> **MATERIALS PROVIDED**:
▼▼▼

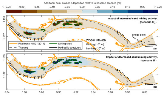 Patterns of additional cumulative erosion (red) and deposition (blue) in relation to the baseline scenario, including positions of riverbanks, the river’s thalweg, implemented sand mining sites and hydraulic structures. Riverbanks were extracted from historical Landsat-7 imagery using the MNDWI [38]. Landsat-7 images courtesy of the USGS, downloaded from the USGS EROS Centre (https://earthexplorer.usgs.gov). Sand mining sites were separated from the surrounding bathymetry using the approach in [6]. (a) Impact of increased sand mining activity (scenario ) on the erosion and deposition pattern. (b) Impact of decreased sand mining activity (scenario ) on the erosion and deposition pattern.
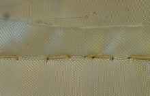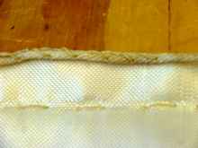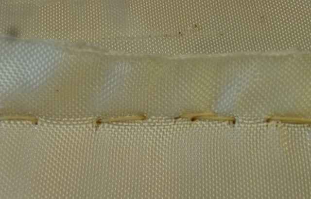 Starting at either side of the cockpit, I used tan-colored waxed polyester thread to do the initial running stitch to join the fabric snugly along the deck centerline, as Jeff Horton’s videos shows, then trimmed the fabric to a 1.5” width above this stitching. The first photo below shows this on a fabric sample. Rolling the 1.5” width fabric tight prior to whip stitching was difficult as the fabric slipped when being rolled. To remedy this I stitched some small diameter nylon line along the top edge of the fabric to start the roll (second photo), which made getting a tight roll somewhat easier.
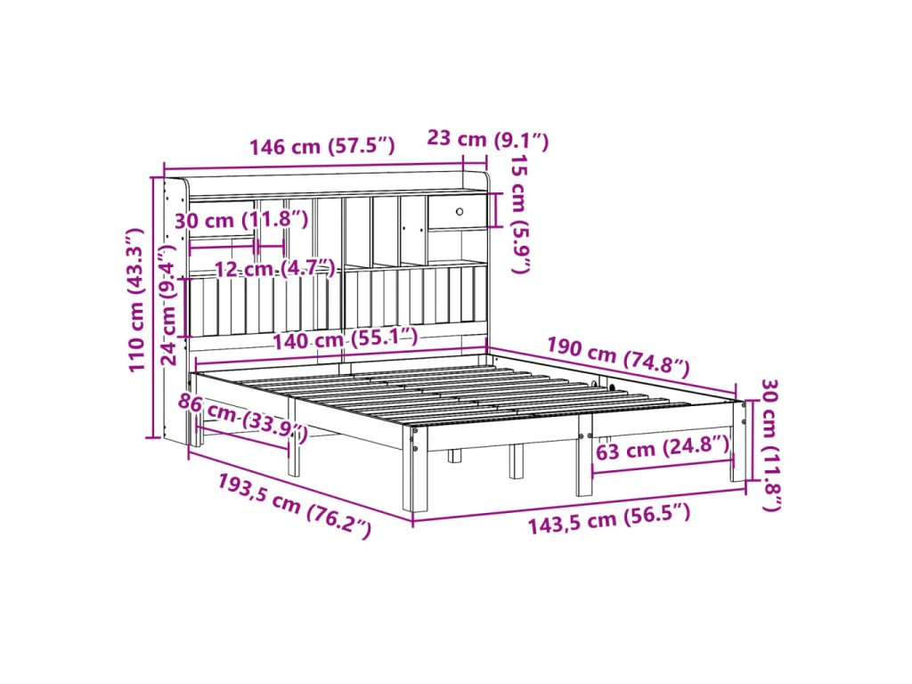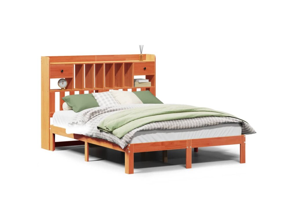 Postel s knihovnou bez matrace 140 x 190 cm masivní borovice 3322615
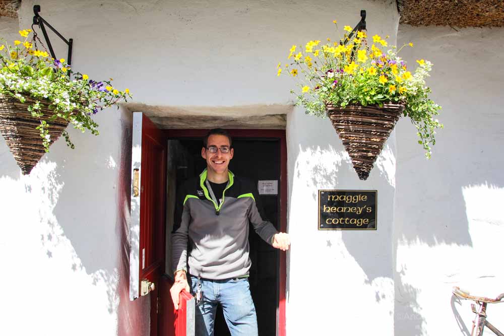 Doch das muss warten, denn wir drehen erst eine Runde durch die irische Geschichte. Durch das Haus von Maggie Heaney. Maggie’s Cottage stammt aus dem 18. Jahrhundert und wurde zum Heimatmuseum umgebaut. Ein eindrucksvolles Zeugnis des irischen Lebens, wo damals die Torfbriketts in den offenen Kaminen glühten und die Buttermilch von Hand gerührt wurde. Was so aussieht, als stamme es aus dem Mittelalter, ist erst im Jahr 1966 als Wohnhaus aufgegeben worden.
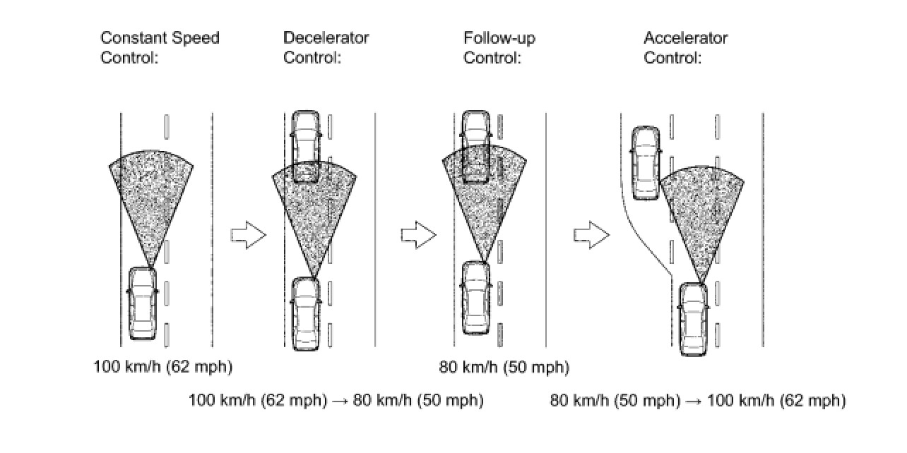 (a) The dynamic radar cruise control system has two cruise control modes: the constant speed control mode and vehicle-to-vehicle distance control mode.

▲▲▲
▼▼▼

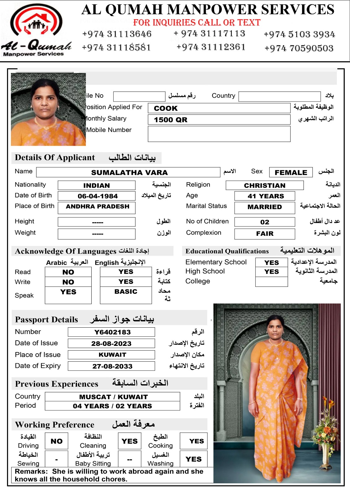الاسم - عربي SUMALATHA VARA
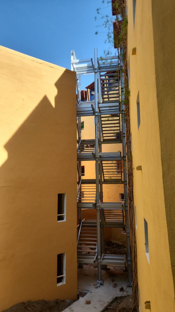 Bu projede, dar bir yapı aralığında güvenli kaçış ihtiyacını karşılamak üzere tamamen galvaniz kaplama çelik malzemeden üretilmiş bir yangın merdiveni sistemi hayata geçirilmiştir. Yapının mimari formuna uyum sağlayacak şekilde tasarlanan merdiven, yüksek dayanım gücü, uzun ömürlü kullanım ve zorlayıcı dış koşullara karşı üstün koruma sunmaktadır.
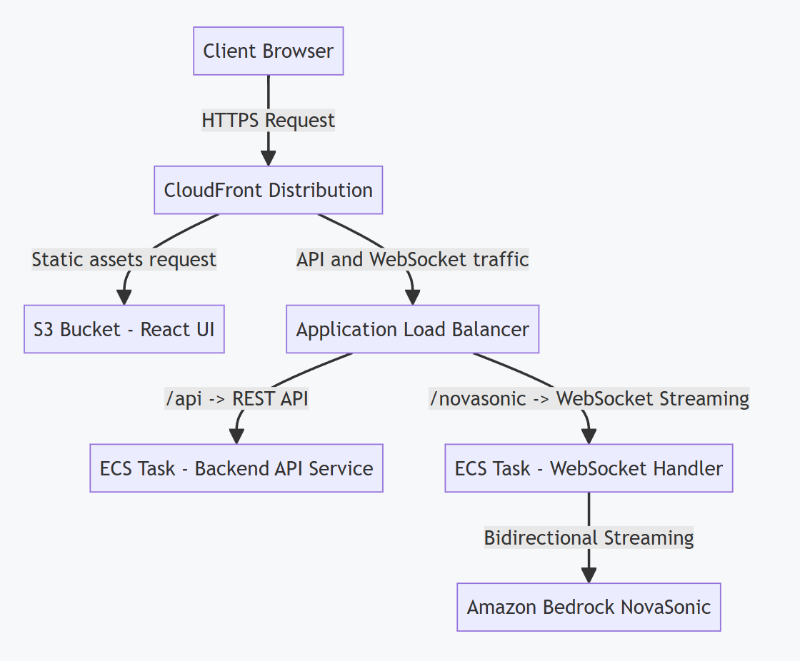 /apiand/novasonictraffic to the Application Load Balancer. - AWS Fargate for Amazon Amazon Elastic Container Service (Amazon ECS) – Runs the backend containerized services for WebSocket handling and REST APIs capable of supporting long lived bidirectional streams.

▲▲▲
▼▼▼

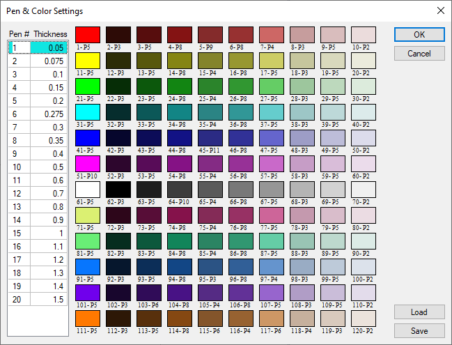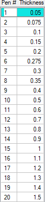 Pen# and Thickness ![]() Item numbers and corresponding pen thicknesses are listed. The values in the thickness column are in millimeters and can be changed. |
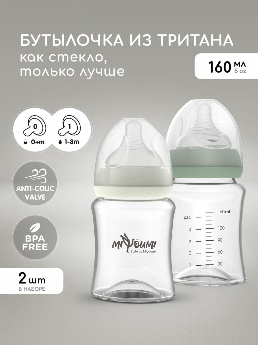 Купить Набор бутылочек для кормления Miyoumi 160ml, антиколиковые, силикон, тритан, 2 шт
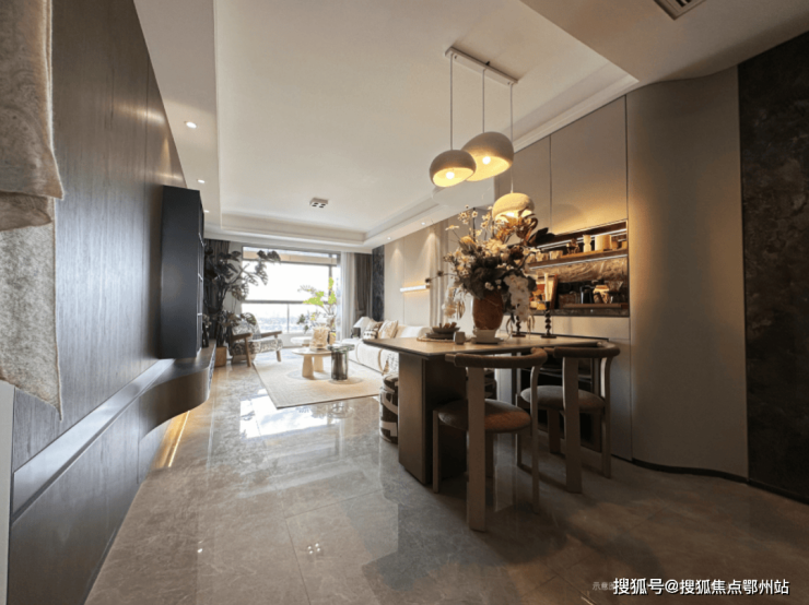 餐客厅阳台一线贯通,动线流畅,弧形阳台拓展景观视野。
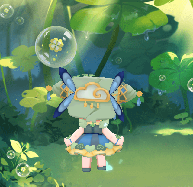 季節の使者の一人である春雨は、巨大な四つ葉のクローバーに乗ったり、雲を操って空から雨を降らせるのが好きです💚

▲▲▲

> **YOUR ASSIGNMENT**: Using the data above, give again exactly the lines starting at the one holding "Doch das muss" and ending at the one holding "(a) The dynamic", inclusive, and nothing more. Omit the pictures.

> **RESULT**:
 Doch das muss warten, denn wir drehen erst eine Runde durch die irische Geschichte. Durch das Haus von Maggie Heaney. Maggie’s Cottage stammt aus dem 18. Jahrhundert und wurde zum Heimatmuseum umgebaut. Ein eindrucksvolles Zeugnis des irischen Lebens, wo damals die Torfbriketts in den offenen Kaminen glühten und die Buttermilch von Hand gerührt wurde. Was so aussieht, als stamme es aus dem Mittelalter, ist erst im Jahr 1966 als Wohnhaus aufgegeben worden.
 (a) The dynamic radar cruise control system has two cruise control modes: the constant speed control mode and vehicle-to-vehicle distance control mode.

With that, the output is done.